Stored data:
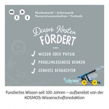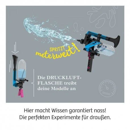 Wasser Marsch! Aus den Steckteilen entstehen 6 coole Modelle, die alle mit Wasser vollgetankt werden – und schon geht’s ab! Weitschuss-Wettbewerb mit der Wasserpistole, lustige Spiele mit dem Sprinkler und zwei Autos und Boote sorgen für eine Menge Spielspaß mit Wasser für Kinder von 8 bis 12 Jahren. Der Kern des Ganzen: die besondere Druckluftpumpe, die für jedes Modell als einzigartiger Raketenantrieb dient. Doch wie wirken Wasserkraft und Druckluft zusammen? Mit spannenden Experimenten werden die Modelle getestet. Herausgefunden, wie viele Pumpstöße es für den längsten Schuss mit der Wasserpistole braucht? Schnell in der ausführlichen Anleitung notieren. Ob im Sommer oder in der Badewanne – Wasser macht zu jeder Jahreszeit Spaß!.
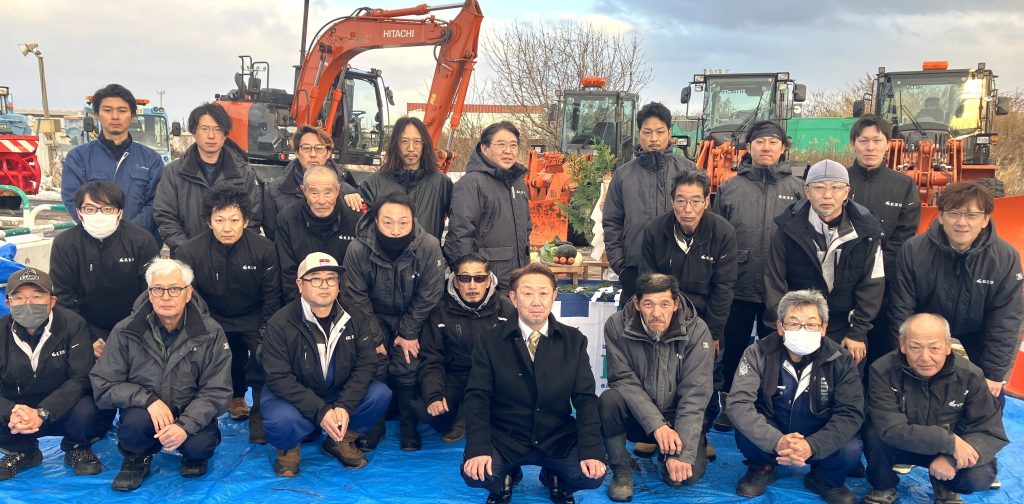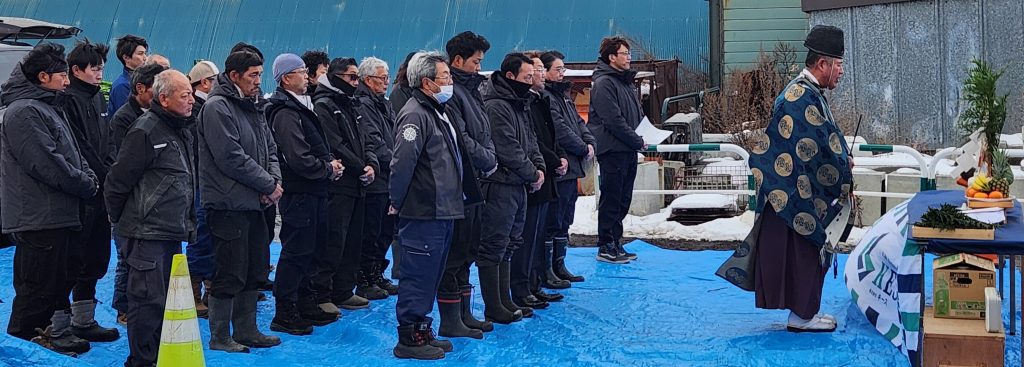 お祓いでは池田社長をはじめ、冬季除排雪作業にかかわる全スタッフが神様への敬意と祈りを込めて玉串奉奠をさせていただきました。
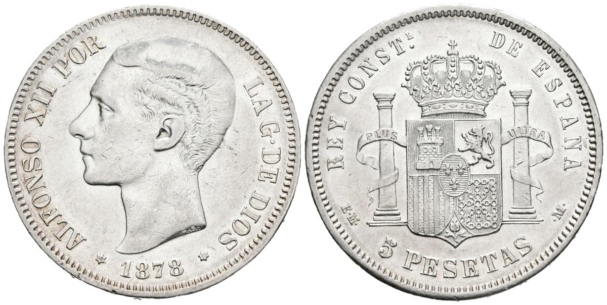 ALFONSO XII (1874-1885). 5 Pesetas. (Ar. 24,93g/37mm). 1878 *18-78. Madrid DEM. (Cal-2019-39). MBC+. Marquitas.
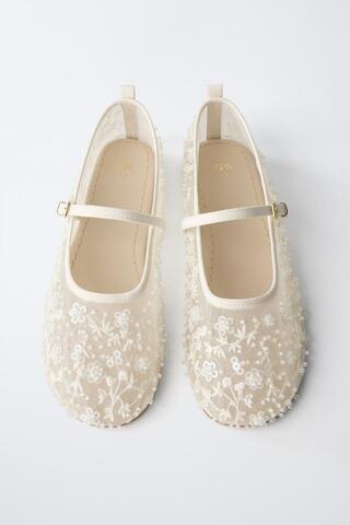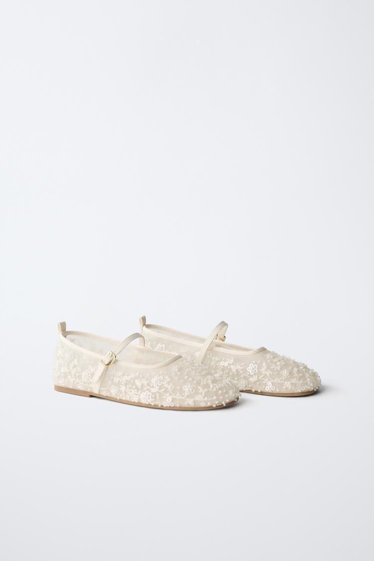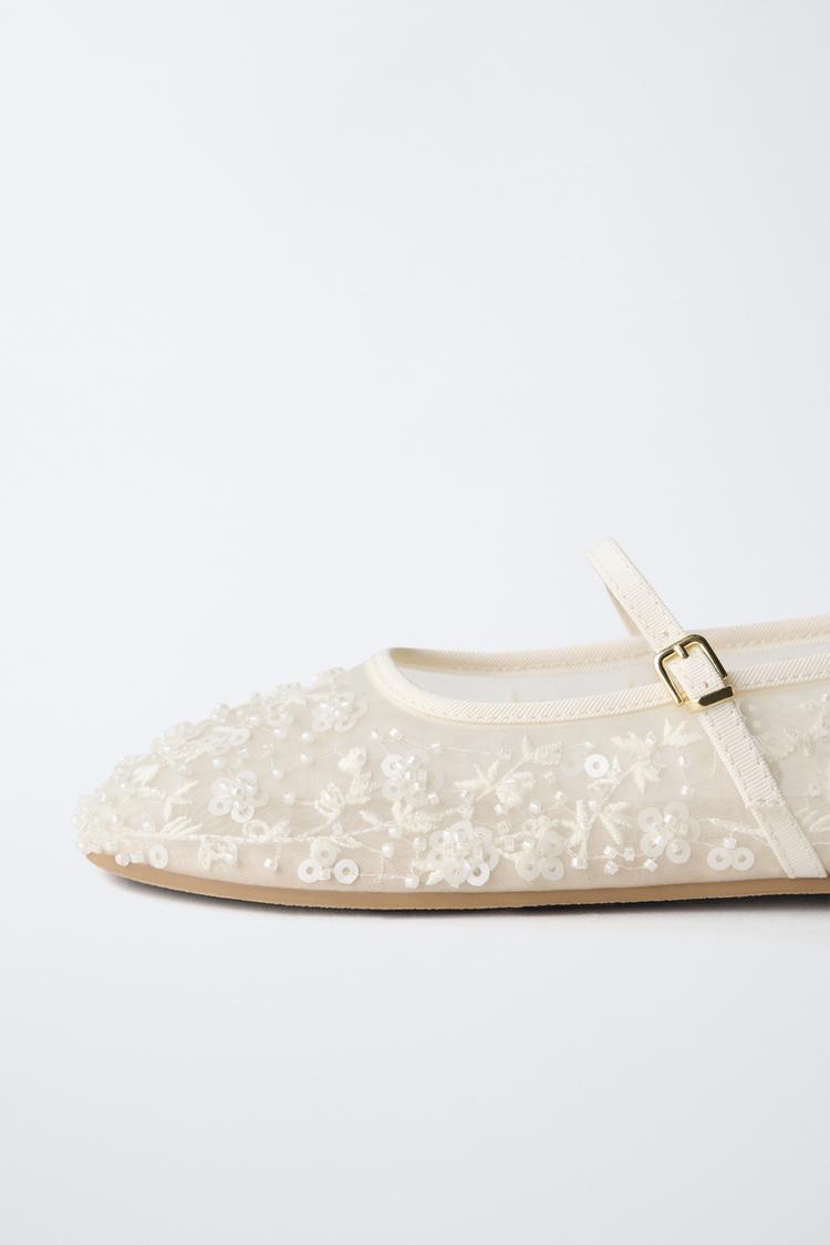 ZARA БАЛЕТКИ С БУСИНАМИ, ЭКРЮ
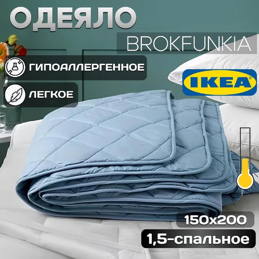 Одеяло ИКЕА BROKFUNKIA , 1,5 спальный, легкое, гипоаллергенное, голубое полиэстер 100%, 150x200 интересное:

→ **TO DO**
Would you return all the data exactly as given, minus the pictures?

→ **SOLUTION TO THE EXERCISE**
 Wasser Marsch! Aus den Steckteilen entstehen 6 coole Modelle, die alle mit Wasser vollgetankt werden – und schon geht’s ab! Weitschuss-Wettbewerb mit der Wasserpistole, lustige Spiele mit dem Sprinkler und zwei Autos und Boote sorgen für eine Menge Spielspaß mit Wasser für Kinder von 8 bis 12 Jahren. Der Kern des Ganzen: die besondere Druckluftpumpe, die für jedes Modell als einzigartiger Raketenantrieb dient. Doch wie wirken Wasserkraft und Druckluft zusammen? Mit spannenden Experimenten werden die Modelle getestet. Herausgefunden, wie viele Pumpstöße es für den längsten Schuss mit der Wasserpistole braucht? Schnell in der ausführlichen Anleitung notieren. Ob im Sommer oder in der Badewanne – Wasser macht zu jeder Jahreszeit Spaß!.
 お祓いでは池田社長をはじめ、冬季除排雪作業にかかわる全スタッフが神様への敬意と祈りを込めて玉串奉奠をさせていただきました。
 ALFONSO XII (1874-1885). 5 Pesetas. (Ar. 24,93g/37mm). 1878 *18-78. Madrid DEM. (Cal-2019-39). MBC+. Marquitas.
 ZARA БАЛЕТКИ С БУСИНАМИ, ЭКРЮ
 Одеяло ИКЕА BROKFUNKIA , 1,5 спальный, легкое, гипоаллергенное, голубое полиэстер 100%, 150x200 интересное:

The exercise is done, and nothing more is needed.